A CGI that creates a simple text counter is provided on your CD-ROM. This counter is very simple to set up. Here are the steps:

  1. Copy the CGI script (counter.pl) into a working directory.
  2. Follow the instructions in the readme file contained in the same directory.
  3. Add the code for the counter into your HTML file. It should look something like this (with your own URL of course):
  4. <!--#exec cgi="http://www.hampton.org/scripts/ textcounter/counter.pl"-->
  5. Upload your CGI script and your HTML file (see Figure 24.1) to the server.
  6. Test, test, test. If you have any trouble, refer to Matt's Web site at
  7. http://www.worldwidemart.com/scripts/textcounter.shtml

Figure 24.1. A simple text counter.

If you are interested in creating a more complex, odometer style graphical counter (see Figure 24.2), you can refer to Matt's graphical counter at




http://www.worldwidemart.com/scripts/counter.shtml.

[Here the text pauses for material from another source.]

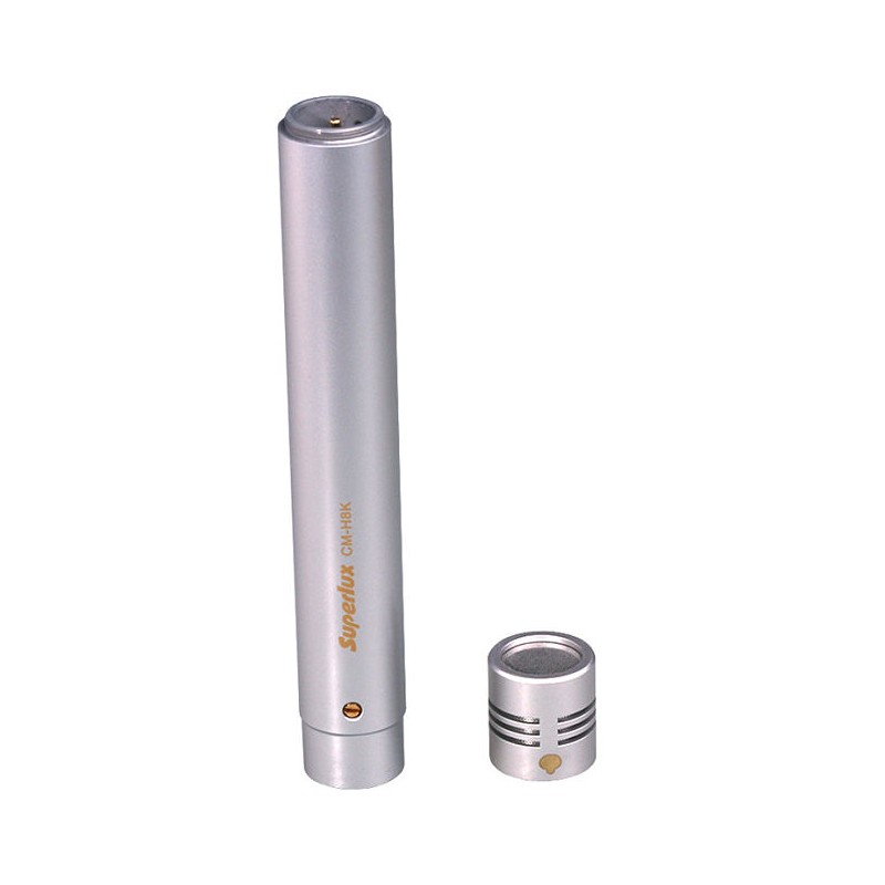 InstrumentoElectret supercardioide Serie CM-H8K son conjuntos de micrófono para la elección de los versátiles. Los patrones polares disponibles son cardioide, supercardioide y omnidireccional. El interruptor entre los patrones polares se puede lograr convenientemente por el cambio de cápsulas. Estafadores Una excelente Calidad electroacústica y Una pequena, exquisita forma, ESTA ES Serie Conveniente Para La Grabación Y microfonía instrumentos musicales, especialmente para los instrumentos musicales de las frecuencias medias y altas.Características: Amplia Respuesta de frecuencia, con la Elevación Específica en las Secciones medios y alta frecuencia, buena respuesta instantánea de alta sensibilidad, amplio rango dinámico,baja distorsión Contacto directo entre la cápsula y el cuerpo Tres cápsulas de polaridad diferentes disponibles Aplicación: grabación en directo vocal Cuerdas guitarra acústica piano latón Vientos percusiónSuperlux es un fabricante de taiwáns dedicado casi exclusivamente a productos relacionados con el mundo del audio, tanto a nivel doméstico como profesional

Figure 24.2. A more complex graphical counter.

There are also many other references online for counter creation. The only times we have used counters are when clients have demanded them, and we're usually successful at talking clients out of this. Again, you wouldn't answer your phones by telling people that they're the twenty-five thousandth caller.


Note

A counter might be a good alternative if you have a client who calls you daily to check on their hit count. You may even wish to have one page being counted, and another containing the display. This way you can have an easy reference for your client without having a counter display on the home page.


Using Access Logs for Site Analysis


Using access logs to track your site is by far the best option. Access logs not only tell you how many times your site has been accessed, they contain other valuable information as well.

What Are Access Logs?


When a viewer visits your site and requests a document, a record of that request is written into a log by the Web server. Most servers support the CLF (Common Log Format). This format was derived from an old version of the NCSA Web server in order to keep simple request information; it was not designed for in-depth site analysis. The CLF contains only the viewer's hostname, the HTTP requested from your server (containing the URL), the time and date of the request, a return code for the request, and the number of bytes returned.

An access log consists of line of text that look like this:




lucifer.me.wig.org - - [07/Aug/1996:15:31:32 -0700] GET /graphics/banner.gif HTTP/1.0" 200 3021

This shows an access from host lucifer.me.wig.org on August 7, 1996 at 3:31 PM PST requesting the document /graphics/banner.gif using the usual GET method. The server returned an "OK" status code of 200, then transferred 3021 bytes of data.


Note

The -0700 following the date is telling you that the local time zone is seven hours earlier than Greenwich Mean Time, in this case Pacific Standard Time.

For most commercial purposes, you will want some additional information, which is why many servers also support the new Extended Common Log File (also from NCSA), and/or their own additional extended log formats. Extended log formats record additional useful information. Most often these extended log formats include information like the name of the viewer's browser and a field indicating which Web page referred the viewer to the site (where they came from).

Interpreting Log Files


Access logs are very complex; although you can read through them, they might make little sense unless you use a product developed to translate these logs into another format.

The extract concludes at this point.